下りてきた六人は、おのおのナイフやスタンガンを持って一斉にハジメ達に襲いかかった。

「破っ!」

 瞬時に見極めたハジメは、届く獲物の順番に合わせて手首にジャブを打ち込んで迎撃する。

 二人ほどナイフを落としたので、すぐにパトカーの下に蹴り入れると構えに戻る。男たちは予想外の反撃にあったのだろう、攻撃を躊躇して膠着状態となった。

 ハジメの家は代々武道もしくは格闘技をやる脳筋……いや格闘家系である。祖父母にいたっては、どっちがプロポーズするかでもめて、河原で決闘して決めたという逸話が残っているほどだ。

 物心ついたときから、技を教えられたり体力作りなどであやされたハジメは、ある意味格闘家の申し子ともいえる。

「一撃……必中……必殺」

 そう小声で呟く。集中するための言霊だ。そして武道の心得のある祖母からの教えを思い返す。
 ──なにかあったら逃げなさい、わざわざ戦う必要はないわ。でもどうしても戦わなければならない時は、最悪の事態を考えて最善の方法を取るのよ──、と。

 最悪の事態、それは無手(武器無し)で武装した集団を相手にすること。

 夏生を護るため逃げ出すことはできない。

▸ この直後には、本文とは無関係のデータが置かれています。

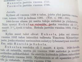 | Saatavilla | 1 kpl | | Julkaisuvuosi | 1935 | | Sivuja | 465 + 381 | | Painos | 1. | | Kunto | K2 | | Sidonta/painoasu | Sidottu (kovak.) | | Kielet | Suomi |
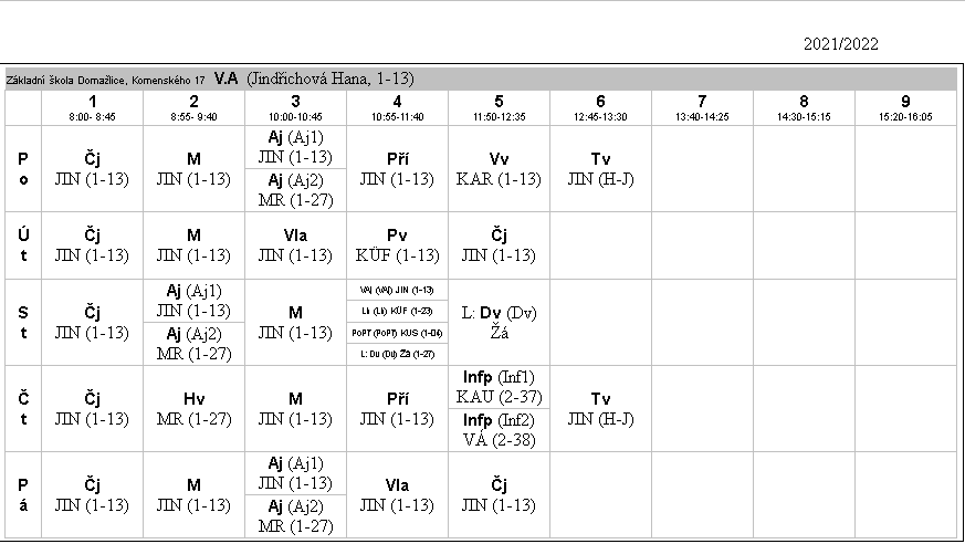 Aktuální rozvrh hodin naleznete zde:Rozvrh ZŠ Kom 17
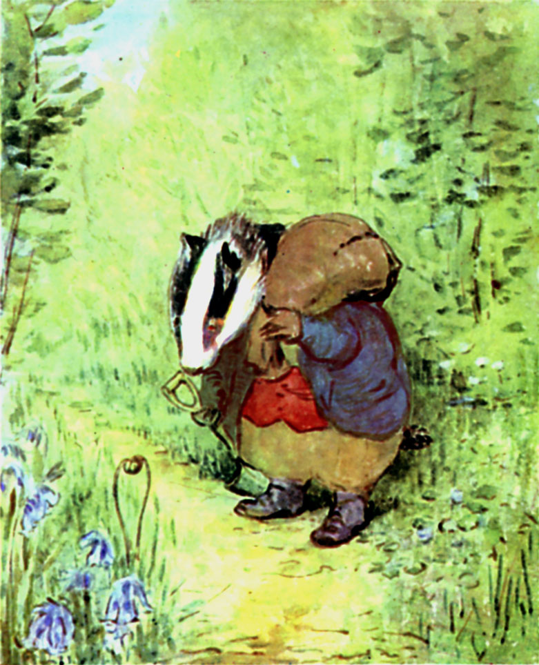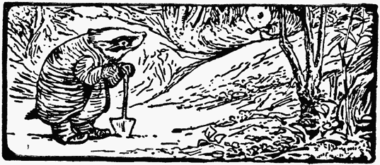 He sat in the sun, and conversed cordially with Tommy Brock, who was passing through the wood with a sack and a little spud which he used for digging, and some mole traps. He complained bitterly about the[Pg 14][Pg 13][Pg 12] scarcity of pheasants' eggs, and accused Mr. Tod of poaching them. And the otters had cleared off all the frogs while he was asleep in winter—"I have not had a good square meal for a fortnight, I am living on pig-nuts. I shall have to turn vegetarian and eat my own tail!" said Tommy Brock.

そして武装した六人に囲まれている。今がその時だと覚悟を決めたハジメは、警察官から格闘家、いや、武道家として意識を切り換えた。

「何をしている、早く拉致ってこい」

 ワンボックスカーの中から声がとんできた。どうやら運転手が主犯らしい。

──拉致ってこい? 殺すのが目的じゃない? スタンガンはそれのためか──

 じりじりと近づく男たちにハジメはさらに意識を研ぎ澄ませる。目で威嚇しながら警戒していると、ひとり足りないことに気がついた。

「おねえさん後ろ」

 大破したパトカーに隠れて後ろからスタンガン男が手を伸ばしたところだった。
 夏生の助言で振り向くと、その手首を掴み捻りあげる。
 たまらずスタンガンを落とした男を合気でそばに寄せてみぞおちに一撃を入れる。

「がはぁ」

男は腹を押さえながらのたうち回る、どうみても行動不能となった。